I agree the message is that Bobby will be happier, but it doesn't say that he liked the village children more, just that he could be himself with them because they were his 'equals'.

Well, of course that’s not the way EB intended us to read it, but her subtext is definitely ‘Know your place’.

Social climbing and/or nouveau riche characters are almost always punished — Pauline Bingham Jones (fake wealthy background, fake name, ashamed of her poor, elderly mother), Sheila Naylor (doesn’t wash her neck, poor grammar showing through despite her family’s newfound wealth, Jo (the second former with the ‘road hog’ h-dropping father, who keeps money up the legs of her knickers) in the school series, for instance.

By ‘snob’ in that extract, EB means ‘someone who thinks himself above his actual social class’.

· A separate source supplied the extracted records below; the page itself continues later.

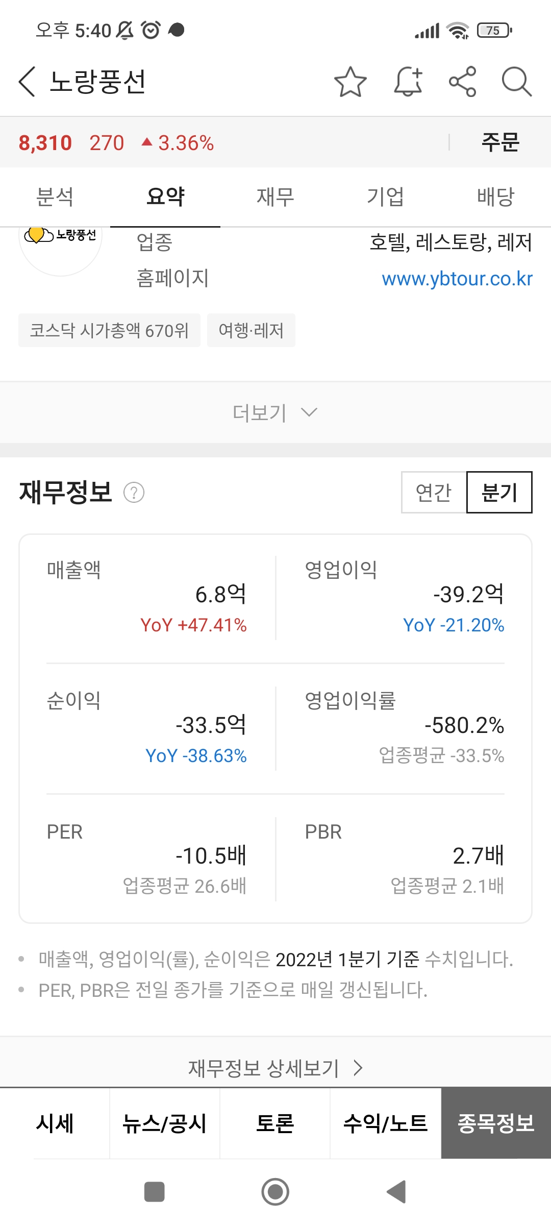 분기 매출은 어느정도 올라가는것보니
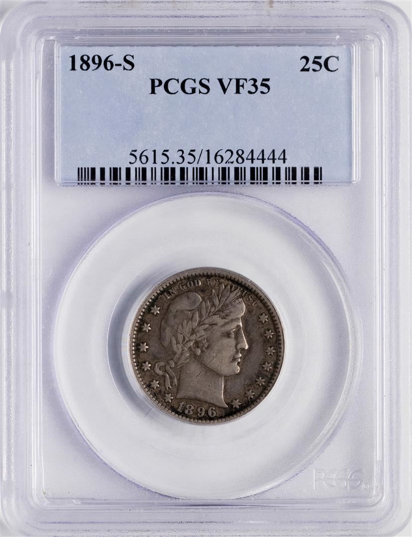 One 1896-S Barber Quarter Coin PCGS VF35. PCGS Graded.
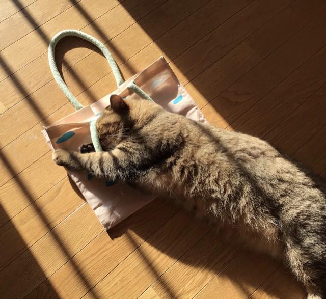 もちろん、我が家でもたぬきねこ様のために毛布を用意したりしていますが、朝の寒い時間にたぬきねこが使うのが「生協のエコバッグ」。
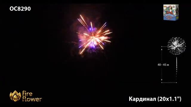Батарея салютов Кардинал ОС8290, 20 залпов, калибром 1,1 дюйма (28 мм), высотой до 28 м

ClariceQuiff · 28/01/2022 09:59

By ‘snob’ in that extract, EB means ‘someone who thinks himself above his actual social class’.

Yes - she actually sounds really bitter - 'it made him a stupid little snob'.

TrashyPanda · 28/01/2022 12:25

Many thanks for that link! I am now engrossed in all the detail.

Latenightreader · 28/01/2022 13:17

@TrashyPanda

Many thanks for that link! I am now engrossed in all the detail.
Just be aware it is about ten years old so a few of the rarer stories have been republished, and the list of short stories isn't complete. It is a terrific resource and I'm really glad it is still available.
SorrelForbes · 28/01/2022 15:10

Latenightreader I stand corrected! Well I never! I've been on that site many times and just spotted that information. Right, off to get a hardback copy (if I can!).